REPUBLIKA.CO.ID, SOLO -- Kota Solo kembali menggelar Festival Jenang Solo sejak kemarin hingga hari ini (23/2). Tahun ini Festival Jenang Solo terselenggara tak hanya dalam rangka ulang tahun Solo ke-269, tapi juga sebagai ajang penggalian dana bagi korban erupsi Gunung Kelud.
Dalam siaran pers yang diterima Republika, panitia festival mengatakan jenang merupakan bagian dari budaya masyarakat Jawa sejak zaman Hindu, berlanjut ke era Walisongo, hingga kini. Jenang pun selalu hadir sebagai simbol rasa syukur manusia kepada Allah.
Bagi masyarakat Jawa di Solo dan sekitarnya, ritual selamatan selalu disertai kehadiran jenang. Jenang tidak dihidangkan sebagai makanan pelengkap. Tapi juga simbol doa, harapan, persatuan, dan semangat masyarakat Jawa.
Festival Jenang Solo tahun ini merupakan festival ketiga. Temanya adalah 'Inspirasi 17 Macam Jenang yang Mengiringi Boyongan Keraton Kartasura ke Keraton Surakarta'.
Ketujuh belas jenang tersebut diantaranya, jenang abrit petak, jenang lang, jenang saloko, jenang manggul, jenang suran, dan jenang timbul. Jenang dalam bahasa Indonesia bisa diartikan sebagai bubur.

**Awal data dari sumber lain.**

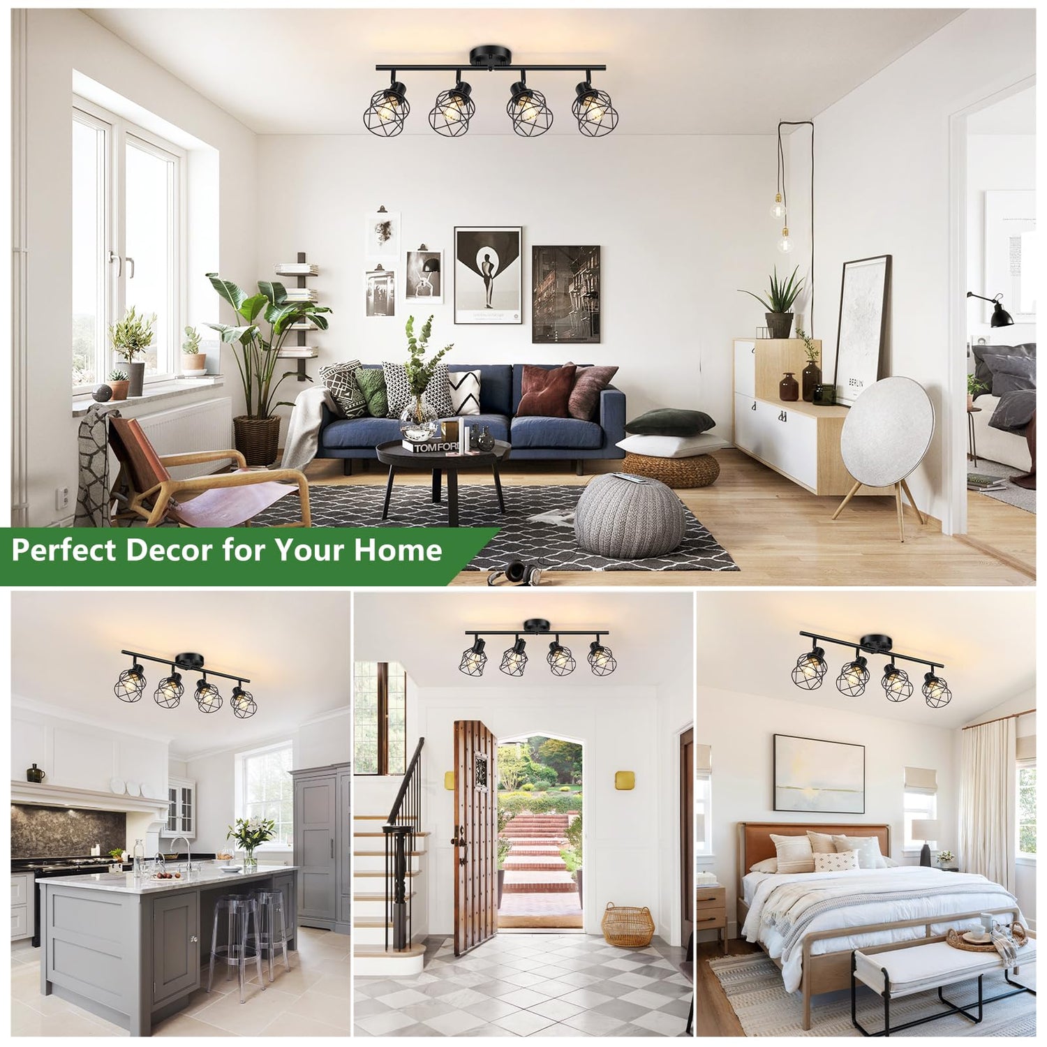 - 【Unique Farmhouse Light Fixtures】Baocuz 4-light multi-directional ceiling light is made of sturdy metal in matte black finish and wire cage, which is anti-rust and corrosion, super easy to clean, simple but sleek. Ideal ceiling lighting for indoors as a kitchen lights, hallway lights, living room lights, exhibition lights, dining table lights, bedroom lights, foyer lights, etc.
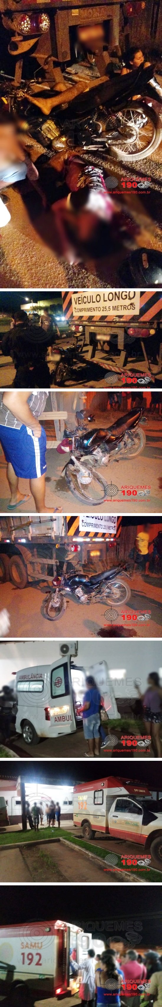 Durante a noite deste domingo 21/04, a equipe de socorro do hospital municipal de Alto Paraíso foi acionada a comparecer na Avenida Jorge Teixeira, onde havia acontecido um acidente. No local, dois rapazes estavam gravemente feridos, sendo que um estava ao solo e o outro estava debruçado sob a moto. A Polícia Militar também esteve no local, onde ao coletar os dados, os Militares foram informados que os dois rapazes transitavam em uma motocicleta da marca Yamaha, modelo YBR de cor preta, quando a moto colidiu na traseira de um semi-reboque. Ambos os jovens foram conduzidos ao hospital municipal, onde após o primeiro atendimento, foram encaminhados ao Pronto Socorro em Ariquemes para receber atendimento médico especializado. O Boletim de Ocorrência de Acidente de Trânsito (BOAT) foi registrado para a tomada das providências.
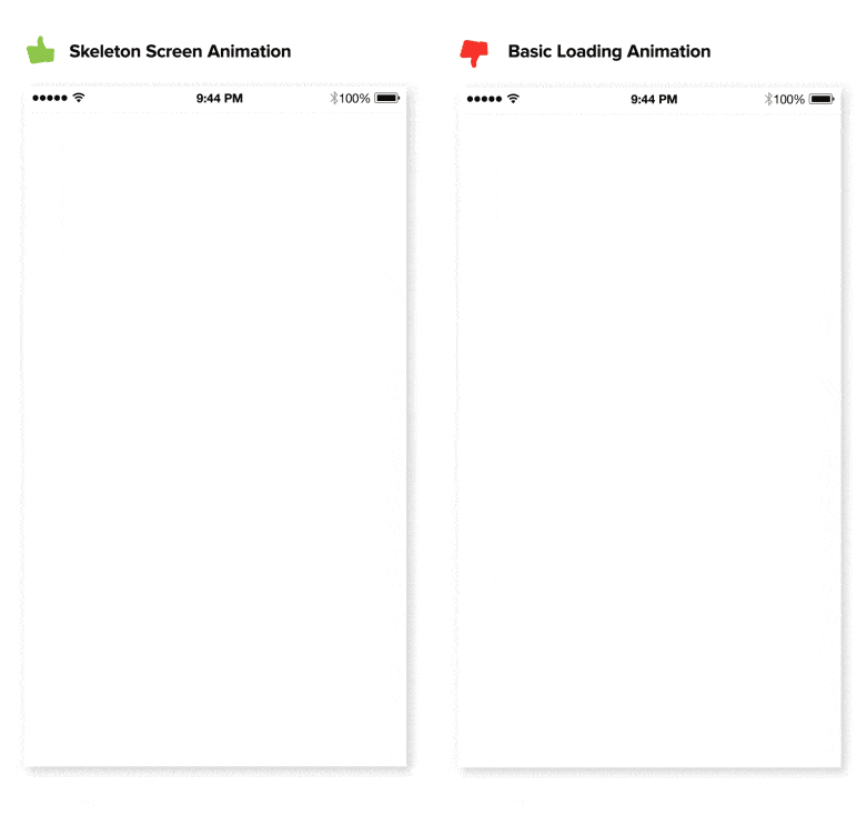 讓人們知道,使用進(jìn)度指標(biāo)會(huì)有一段時(shí)間。話雖如此,雖然進(jìn)度指標(biāo)的意圖很好,但結(jié)果可能是壞的。正如 Luke Wroblewski mentions,“進(jìn)度指標(biāo)的定義是要注意有人需要等待的事實(shí)。就像看時(shí)鐘一樣——當(dāng)你做的時(shí)候,時(shí)間似乎變慢了。”進(jìn)度指標(biāo)有一個(gè)很好的選擇:屏幕架構(gòu)。這些容器本質(zhì)上是頁(yè)面的臨時(shí)空白版本,逐漸加載信息。而不是顯示一個(gè)加載指示器,使用屏幕架構(gòu)來(lái)專注于實(shí)際進(jìn)度,并創(chuàng)造對(duì)將來(lái)的預(yù)期。這意味著事情正在發(fā)生,隨著信息逐漸顯示在屏幕上,人們看到應(yīng)用程序在等待時(shí)正在進(jìn)行中。
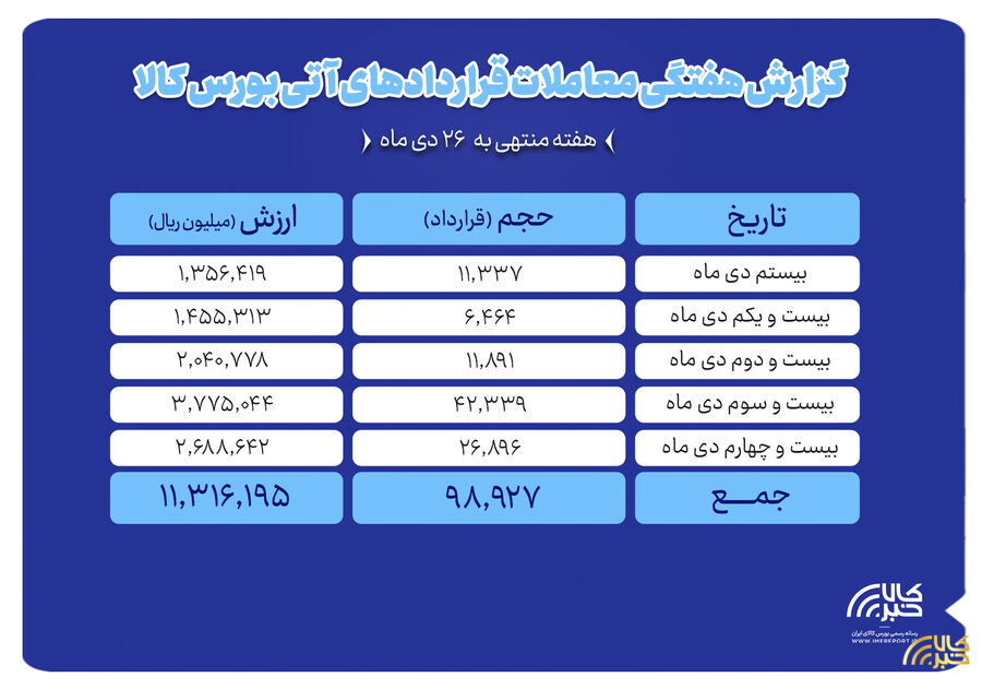 بررسی روند معاملات قراردادهای آتی بورس کالای ایران درهفته منتهی به ۲۶ دی ماه نشان می دهد که در هفته گذشته ارزش معاملات بازار آتی به بیش از هزار و ۱۳۱ میلیارد تومان رسید.
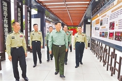 金秋十月,江淮大地山水秀麗、風(fēng)景如畫。上午11時許,習(xí)近平來到火箭軍某旅,首先察看了該旅軍史長廊。該旅是一支有著50多年光榮歷史的戰(zhàn)略導(dǎo)彈部隊。黨的十八大以來,該旅在習(xí)近平強軍思想指引下,堅定舉旗鑄魂,大抓實戰(zhàn)化訓(xùn)練,出色完成一系列重大任務(wù)。在反映部隊發(fā)展歷程、新時代全面建設(shè)的展板前,習(xí)近平詳細了解官兵學(xué)習(xí)黨的創(chuàng)新理論、加緊練兵備戰(zhàn)、弘揚優(yōu)良傳統(tǒng)等情況。
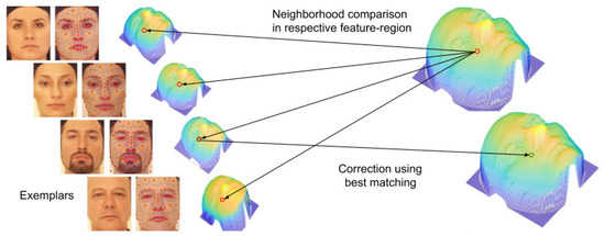 The next step is the correction process, which consists of modifying the points position according to the predictor. For each point , (i) we determine its respective region (), (ii) we obtain its neighborhood and normalize it (with the respective mean and variance), and finally (iii) we apply the projection to the base of the PCA. We use the normalized and reduced neighborhood in the prediction process. The predictor returns the normalized Z-value of the central point according to the best-matching neighborhood. Therefore, we take this value and multiply it by the variance and add it to the average of the neighborhood. The normalization of the exemplar and target neighborhood ensures that we can compare them irrespective of scale (division by variance) and translations in depth (subtraction by the mean). In addition, it is noteworthy that a neighborhood of the exemplar is normalized with its mean and variance, but the process of denormalization is performed by using the mean and variance of the neighborhood of the target that is being corrected. Thus, we transfer the neighborhood feature of the exemplar to the target, with the invariance mentioned above. Figure 7 illustrates this step.
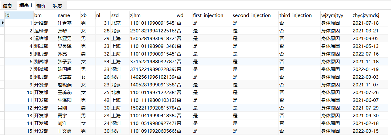 一張技術中心的新冠疫苗接種信息表,表結構和數據如下,用于我們練習各種類型的查詢語句。
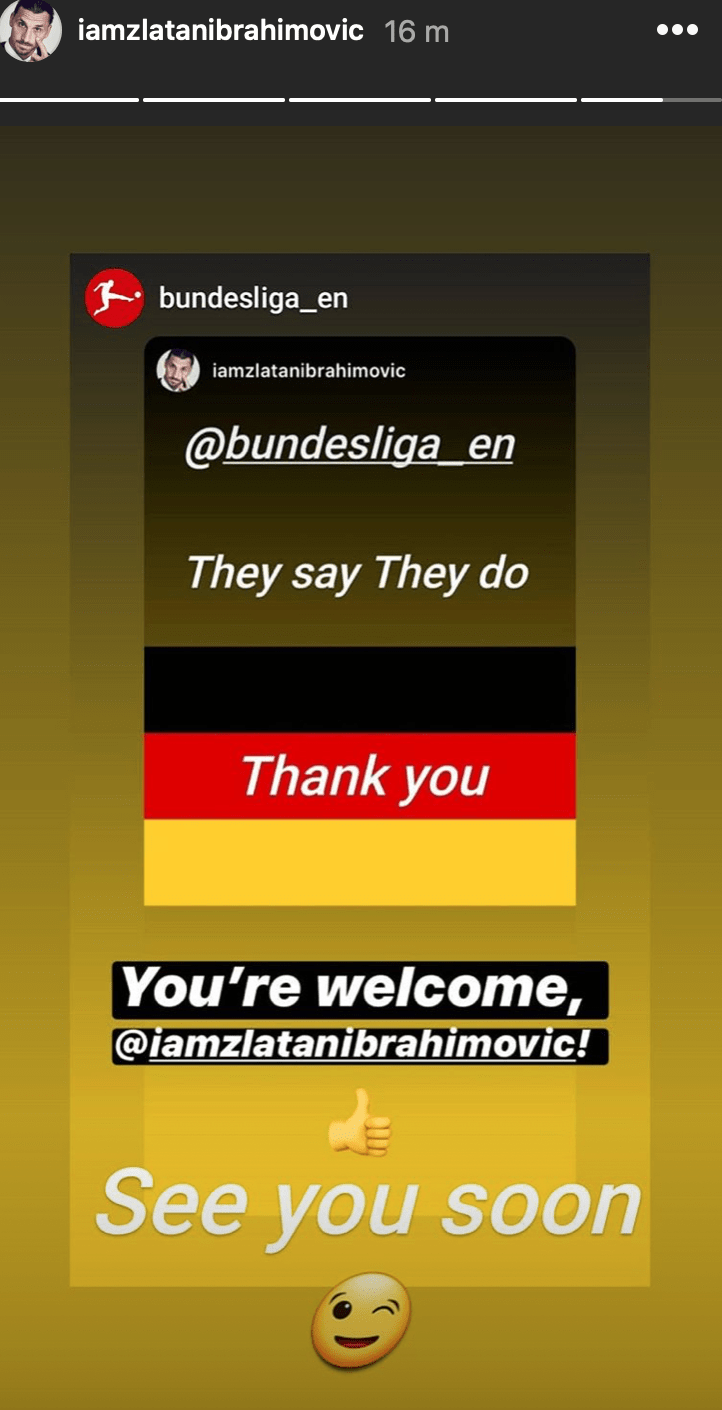 Sempre attraverso una storia Instagram, il giocatore del Milan ha strizzato l’occhio alla Bundesliga, affermando “Ci vediamo presto”. Indizio di calciomercato o semplice provocazione di Ibrahimovic?

Festival Jenang Solo berlokasi di koridor Ngarsopuro Solo atau di depan Pura Mangkunegaran yang terletak di kawasan Jalan Diponegoro. Hari ini pada pukul 07.00 WIB, agenda diawali dengan memasak jenang bersama Indonesian Chef Asssociation Solo. Kemudian dari pukul 09.30 hingga 11.00 WIB, jenang yang telah dimasak akan dibagi-bagikan pada pengunjung festival. Kurang lebih sebanyak 17 ribu porsi jenang akan bisa dinikmati masyarakat Solo.